**Stored entries**
================
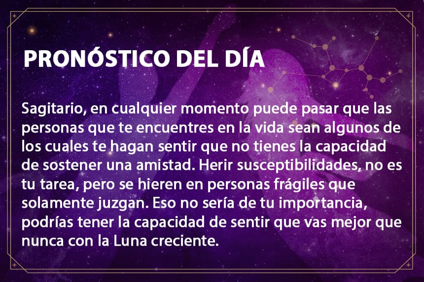 Sagitario, la luna creciente te ayuda a quitar de tu vida a aquellas personas que, en lugar de apoyarte, te hacen sentir menos y frenan tus aspiraciones.
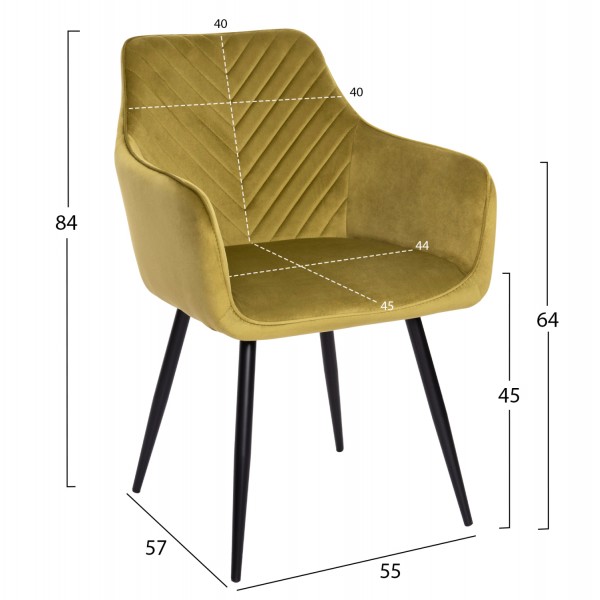 Η πολυθρόνα LATRELL είναι μοντέρνα, άνετη και σταθερή! Το λαδί (olive green) χρώμα της είναι πολύ ιδιαίτερο, ενώ τα 4 πόδια είναι σε μαύρο χρώμα. Το κάθισμα της πολυθρόνας είναι άνετο και η πλάτη διαθέτει όμορφες ραφές, ενώ η πολυθρόνα δίνει την αίσθηση ότι αγκαλιάζει το σώμα με τα μπράτσα που είναι ενιαία με το κάθισμα και την πλάτη. Πρόκειται για μια πρόταση λιτή, κυρίως για την τραπεζαρία σας.
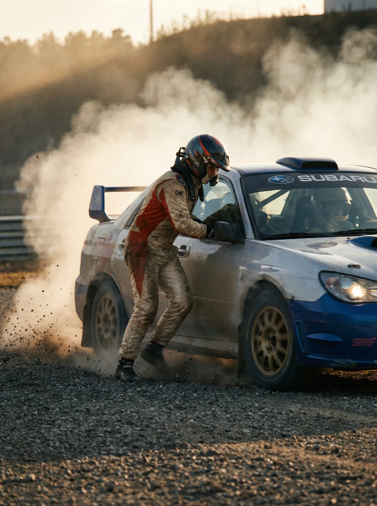мужчина с гоночным автомобилем на треке, динамика, дым и пыль, cinematic lighting, realistic motion effect
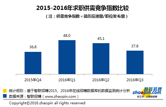截至9月底,2016年秋季求职期全国人才供需竞争指数(供需竞争指数=收到的简历投递量/发布的职位数量)为37.8,全国平均38人竞争一个岗位。
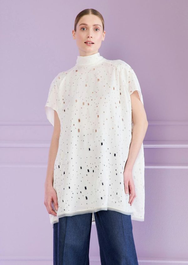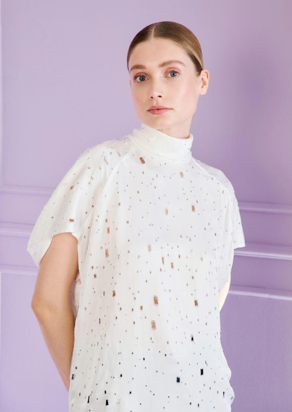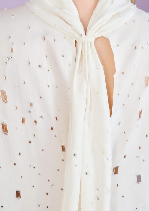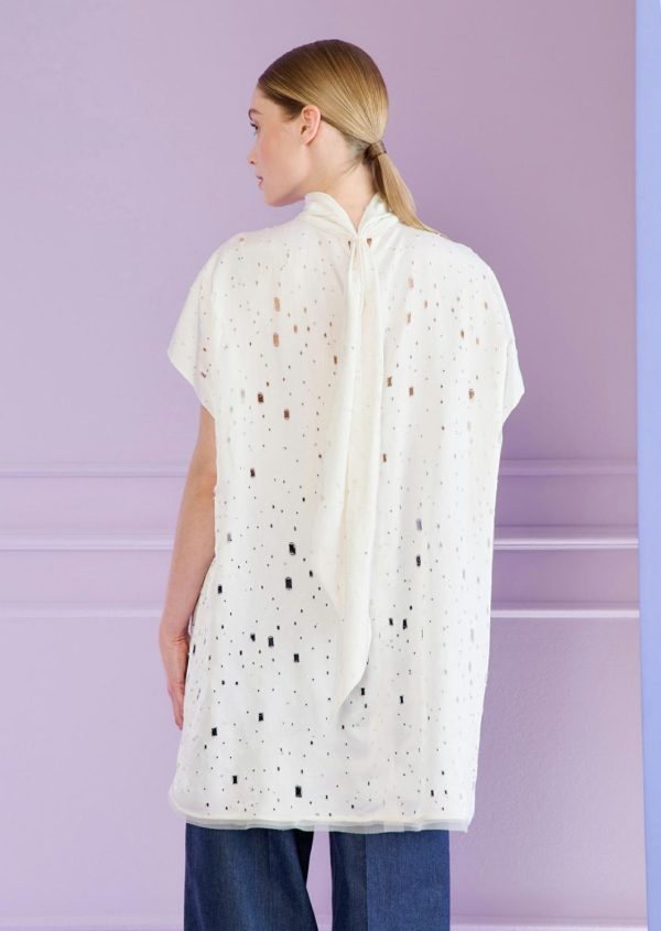 Make your top the star of your outfit. This piece makes that a breeze: The cut of this top is as extravagant as it is artistic. The back flows over the shoulders, forming delicate sleeves. From the center back, a long pussycat bow flows over the shoulder to the front, which you can elegantly drape around your neck. Combined with a simple pair of pants and high-heeled sandals, this look is quite the spectacle to behold – no matter what the occasion.
================
**Task**
Take the line that holds "截至9月底,2016年秋季求" as the start and the last line of the data as the end. Copy only those lines exactly, both ends included, except the pictures.

**Answer area**
截至9月底,2016年秋季求职期全国人才供需竞争指数(供需竞争指数=收到的简历投递量/发布的职位数量)为37.8,全国平均38人竞争一个岗位。
 Make your top the star of your outfit. This piece makes that a breeze: The cut of this top is as extravagant as it is artistic. The back flows over the shoulders, forming delicate sleeves. From the center back, a long pussycat bow flows over the shoulder to the front, which you can elegantly drape around your neck. Combined with a simple pair of pants and high-heeled sandals, this look is quite the spectacle to behold – no matter what the occasion.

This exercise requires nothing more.